YEEEEEEEEEEAAAAAAAAAAARGH!!!!!!!!!!

Okay, aside from the super-lame and cliched reference to bagels, this statement is just flat out wrong. Language tensions are extremely rare in Montreal.  We pride ourselves on being a mixed-up bunch of polyglots.  There is tension about traffic on the bridges.  There is tension between cars and bikes.  There is tension about parking and snow removal.  When I think about it, Montreal is just not a very tense city.  That's one of the reasons I like it here.  Sure there are little conflicts here and there over language and culture, but no more than in any other Canadian city.  I've seen way more acts of overt racism in Vancouver than I've seen here.

So first of all, this statement is wrong.  It's just made up because it's what the CBC wants the rest of Canada to believe.  But that's not even what makes it so bad.  What makes it so bad is that some nutcase killed a person last night and yelled out "Les anglos se reveillent" (in a québécois accent by the way).  His statement than ties his horrible, insane act to the issue of relations between anglophones and francophones in Quebec.

We still don't know what was going on in this guy's brain, but it is conceivable that he wants to exacerbate these relations.
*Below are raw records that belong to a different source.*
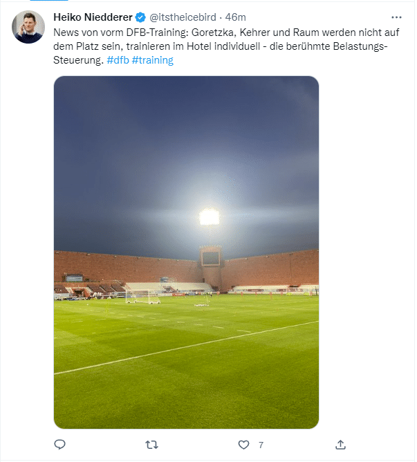 他在个人社媒上表示:德国球员格雷茨卡、科雷尔以及劳姆没有参加合练。他们在酒店里进行着单独负重训练。
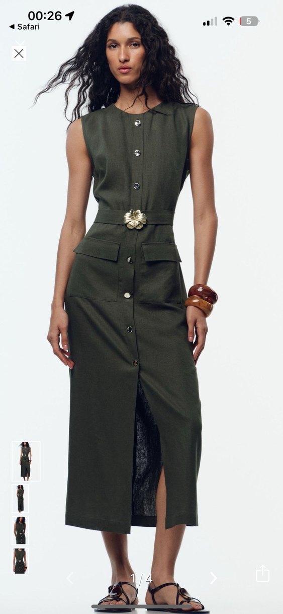 Kahverengi kamuflaj desenli, parlak deri kumaştan, kemerli ve yakalı, kolsuz uzun elbise. Günlük kullanıma uygun, rahat kesim.
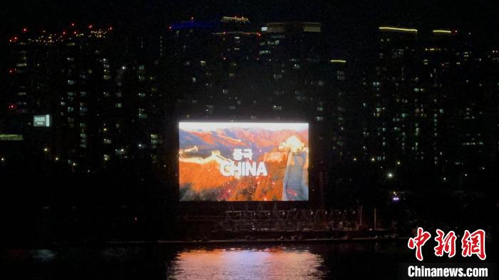 圖為慶典中播放中國主題宣傳片。中新社記者 劉旭 攝
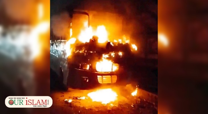 মানিকগঞ্জে মধ্যরাতে স্কুলবাসে আগুন, ঘুমন্ত চালক দগ্ধ
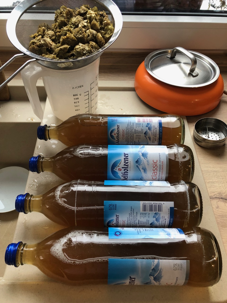 Ich hatte die Starterwürze gestern kochend heiss in die Flaschen gefüllt und direkt verschlossen auf die Seite gelegt. Dann draußen bei 1°C abgekühlt und anschliessend im Kühlschrank gelagert. Da sollte sich doch nichts eingeschlichen haben... :Waa
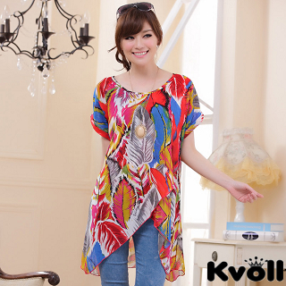 【KVOLL大尺碼】紅色羽毛不規則寬鬆雪紡衫上衣

We don't want this.  We want to get along and exist peacefully with all the different cultures and languages around us.

Don't we?

Well judging by the conversations I have had with my workmates, my basketball buddies and a bunch of people on Twitter, the answer is yes.  The hundreds of people, anglophones, francophones and allophones marching in a candlelight vigil in front of the Metropolis tonight seem to further confirm the desire for us all to live in a peaceful society.

The media doesn't seem to have this same desire.  No, they seem quite excited to take the words of this nutcase and amplify them by making up a version of Montreal where language tensions are a common part of the daily existence.  A teacher friend of mine that I play basketball told me that many students of his 4th grade class asked him if Quebec was going to separate now.  This is what you are doing, Canadian media.  You are freaking out little children by making shit up, sending that message to their parents and then freaking them out.
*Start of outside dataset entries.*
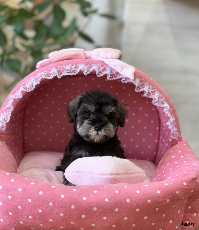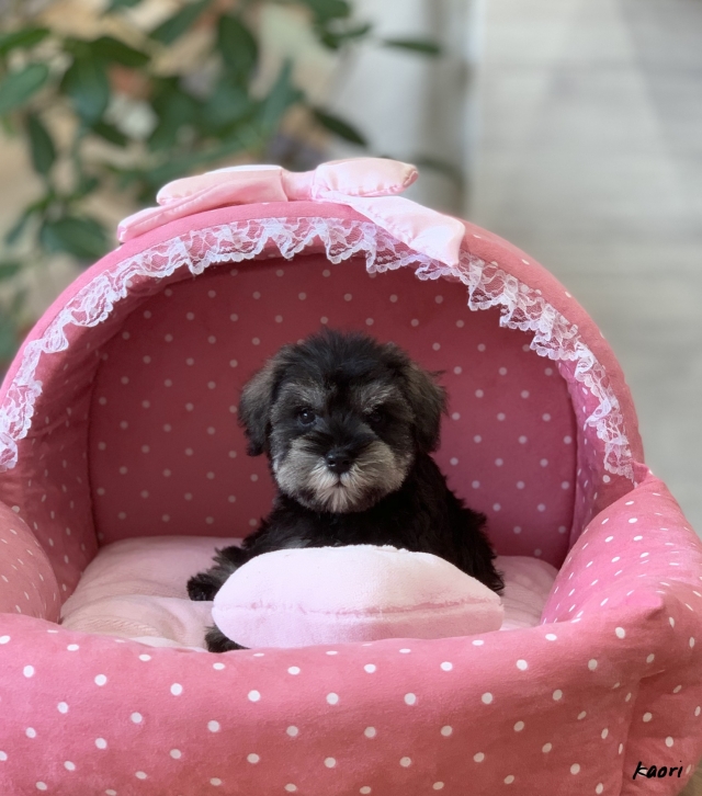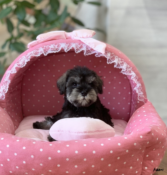 シュナウザーを主力にされているブリーダーさんだと認識しており、ボスちゃんはどうかなあと正直不安でしたがとても可愛く健康的なボスちゃんをいただきました。 掲載されていた写真より実物は想像以上に可愛くて即決し見学させていただいたその日に連れて帰りました。連絡をして、翌日行きますぅって勝手な申し出にも関わらず敏速かつ親切に対応して頂き大満足です。契約に対しても一つ一つ丁寧に説明してくださり、わかりやすかったです。この度は可愛いボスちゃんとのご縁をいただき、本当に有り難うございました。 (大阪府 女性)
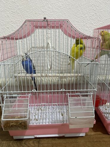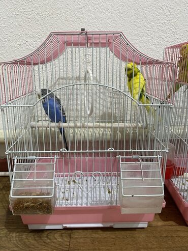Клетка для мелких птиц с аксессуарами и 2попугаи - Размер
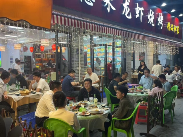 擺放有序的外擺位,是消費(fèi)者鐘愛紫竹路燒烤、龍蝦餐廳的原因之一。剛來昆山工作的徐先生找到紫竹路的方式頗為特別——通過在DeepSeek平臺(tái)搜索關(guān)鍵詞“昆山的燒烤龍蝦美食街推薦”,發(fā)現(xiàn)了這個(gè)推薦去處。“我們現(xiàn)在正坐在路邊吃晚飯,有種回到小時(shí)候的感覺,氛圍感拉滿!”
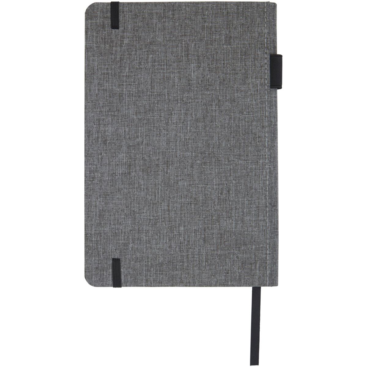 Poznámkový blok velikosti A5 s obálkou z RPET tkaniny. Obsahuje 96 listů linkovaného recyklovaného papíru 70 g/m2 se stuhovou záložkou a poutkem na pero. Lepenkový obal. Rozměry: 21,5 x 14,5 cm.

That is one phrase that I heard while making the mistake of listening to the CBC for 5 minutes.  I can only imagine the bullshit I could have heard on the even more stupid anglo news stations here and god only knows what the rest of the country's shit media is saying.  I already saw an editorial in the Globe and Mail that suggested that it was now Harper's move to counteract the PQ in order to get ahead of them in this big new conflict that was for sure going to happen (at least in this case the majority of commenters called bullshit on that).

So if anyone is reading this out there, please, please, please stop listening to the mainstream media.  CBC, Global, CTV.  All purveyors of lies.

We're doing just fine here.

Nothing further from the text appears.